Wat mij meteen weer een oud vertrouwd gevoel gaf, was het plezier zomaar, voor niets en om niets.
We zaten ergens met de wereld om ons heen als decor, en alle mensen om ons heen speelden met ons mee.
Noodweer op diverse plaatsen in het land, maar boven ons scheen de zon.
Dick was nog steeds, net als toen, de oudste, de aardigste, de sympathiekste ... etc. en Henze J, ‘business as usual’ steeds maar weer die artiesten, die hem opbellen... brood op de plank, hè?
En Stef, nou ja, er was geen deur waar zijn hand tussen kon klemmen, maar het zou zomaar kunnen.
En Gerard, uiterlijk zou ik hem zo niet meteen herkennen, maar zodra hij sprak, die stem... kon alleen maar Gerard zijn. Zijn haar van nu is de kleur van Bert toen, trouwens.
Lekkere drankjes, Thais eten, mooie verhalen, soms ook bekentenissen, stemmen, doorleefde gezichten, uitdrukkingen en... noem het maar de ‘zielen’ die niet echt ouder worden en van binnen ook helemaal hetzelfde blijven, gelukkig maar.
Het besef uit die tijd, dat ik het leven het liefste leefde als een scharrelkip, beetje van alles wat, van hier naar daar en met een plezierige eenvoud van het moment van de dag.
Lukte natuurlijk niet altijd... maar je weet dat het kan... dit heb ik sinds die schooltijd altijd onder handbereik proberen te houden.

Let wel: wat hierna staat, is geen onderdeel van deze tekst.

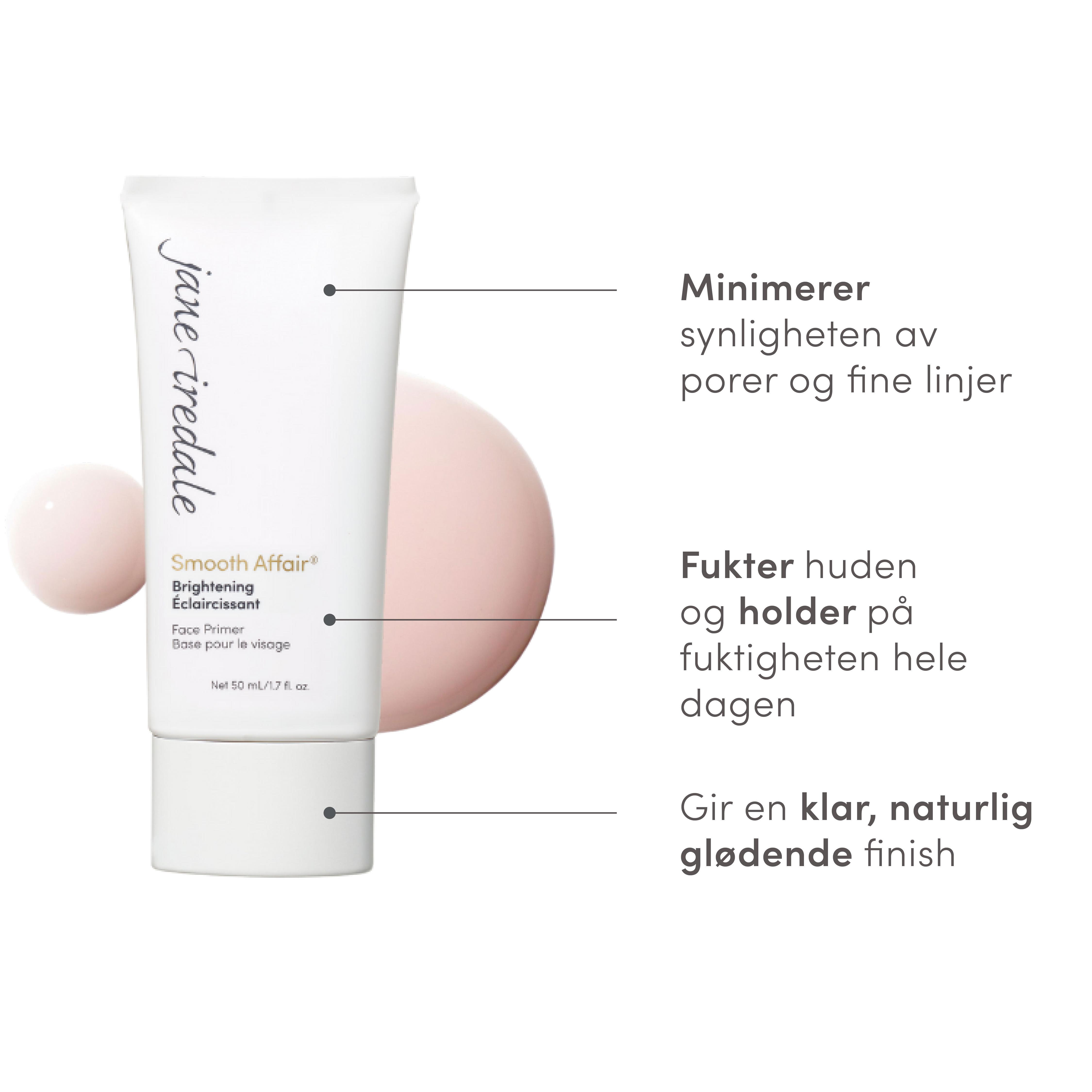 Minimerer synligheten av porer og fine linjer og gir glød

Ergens op straat stonden we even stil, afscheid, wie loopt er mee naar het station, waar staat de auto etc... we keken om en stonden voor een bord: DE HEER IS MIJN HERDER.
God heeft humor.




























Thuisgekomen heb ik meteen weer mijn oude Nimeto-doos omgekeerd.
Een heleboel tekeningetjes, briefjes, kaartjes en aantekeningen bekeken. Allemaal stukjes van onze wereld van vreemde verzinsels, idealen, gekke situaties en uitspraken.
Mooie tijd, gekke types, blij dat ik daarbij was.
En gelukkig vanmiddag ook, laat dit niet ophouden, dit was veel te leuk.

Hoe voelt die bijna 40 jaar …
Op initiatief van Gerard Davelaar op 3 juli 2009 richting Spui in Amsterdam gereden.
Met hem, Stef en Dick bijeenkomen in kroeg.
Een gevoel van opwinding vooraf.
Hoe zou dat gaan?
Stef zie en spreek in nog dikwijls.
In verband met ons beider werk.
Ik ben zijn agent.
Waar we in de 2e van de Etaleursschool samen de klas vertegenwoordigden en een goed geolied duo vormden is het nu behalve zakelijk ook een mooie vriendschap.
Maar Gerard en Dick.
Dat was lang geleden.
Toen ik het café in kwam waren de anderen er al.
Al snel bleek de bijeenkomst een voor mij openbarende en heel waardevolle te worden.
Heel vertrouwd om enerzijds te bespreken wat ons vandaag de dag bezig houdt, maar vooral ook de vele anekdotes die over de tafel gingen.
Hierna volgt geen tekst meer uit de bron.